▸ **Task to carry out**
Once the line with "Affossamento di scorie, olio" is found in the data, output it and each following line exactly, up to and including the line with "2011年11月30日晚18", and nothing before or after.

▸ **Data for the task**
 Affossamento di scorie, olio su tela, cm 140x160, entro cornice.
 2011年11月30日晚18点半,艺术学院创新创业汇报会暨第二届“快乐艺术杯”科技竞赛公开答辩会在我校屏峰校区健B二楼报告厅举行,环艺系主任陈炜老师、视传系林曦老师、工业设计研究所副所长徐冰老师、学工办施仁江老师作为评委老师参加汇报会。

--

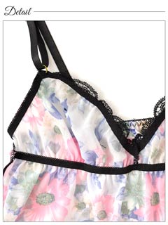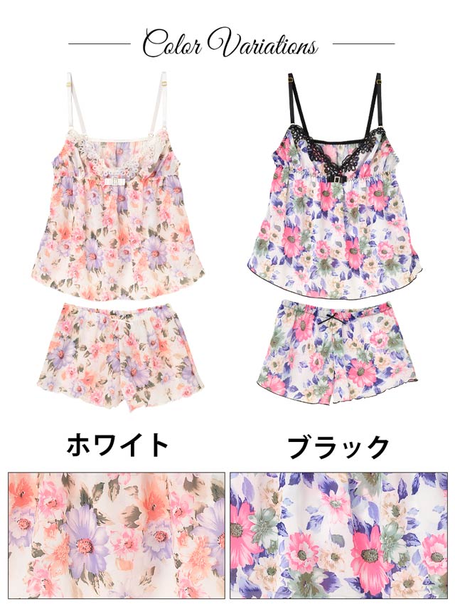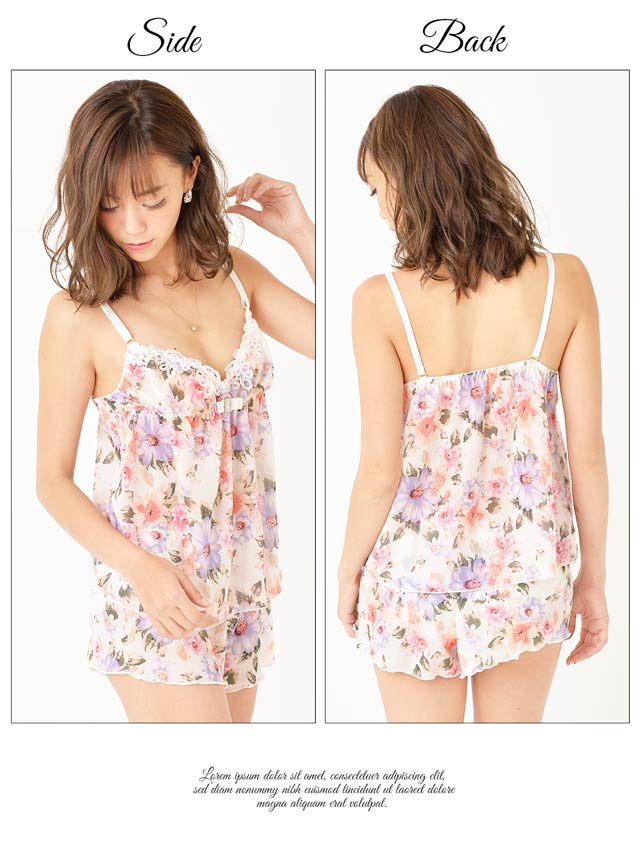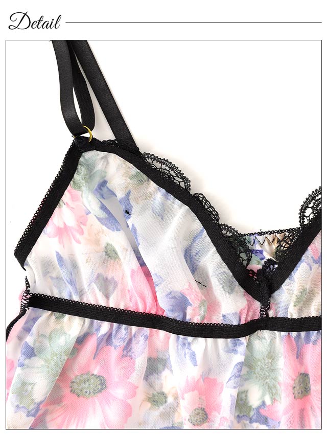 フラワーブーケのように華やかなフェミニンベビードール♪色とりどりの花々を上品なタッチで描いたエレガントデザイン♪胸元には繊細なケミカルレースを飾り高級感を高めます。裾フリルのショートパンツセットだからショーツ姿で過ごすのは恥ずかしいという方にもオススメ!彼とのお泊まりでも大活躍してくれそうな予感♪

* * *

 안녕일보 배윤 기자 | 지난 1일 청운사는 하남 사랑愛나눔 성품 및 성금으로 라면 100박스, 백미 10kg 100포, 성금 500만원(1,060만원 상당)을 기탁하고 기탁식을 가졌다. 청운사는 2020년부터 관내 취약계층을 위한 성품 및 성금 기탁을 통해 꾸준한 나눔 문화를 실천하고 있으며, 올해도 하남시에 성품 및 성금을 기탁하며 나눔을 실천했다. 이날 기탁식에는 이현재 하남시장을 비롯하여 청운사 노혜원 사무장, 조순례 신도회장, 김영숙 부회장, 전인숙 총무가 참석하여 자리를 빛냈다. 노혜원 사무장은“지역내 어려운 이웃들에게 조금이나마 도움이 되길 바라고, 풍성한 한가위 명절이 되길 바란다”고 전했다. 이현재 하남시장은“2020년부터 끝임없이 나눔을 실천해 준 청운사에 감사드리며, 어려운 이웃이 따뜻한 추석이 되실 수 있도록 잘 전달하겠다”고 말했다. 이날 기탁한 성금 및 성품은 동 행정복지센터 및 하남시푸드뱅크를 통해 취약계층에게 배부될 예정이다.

▸ **Result**
 Affossamento di scorie, olio su tela, cm 140x160, entro cornice.
 2011年11月30日晚18点半,艺术学院创新创业汇报会暨第二届“快乐艺术杯”科技竞赛公开答辩会在我校屏峰校区健B二楼报告厅举行,环艺系主任陈炜老师、视传系林曦老师、工业设计研究所副所长徐冰老师、学工办施仁江老师作为评委老师参加汇报会。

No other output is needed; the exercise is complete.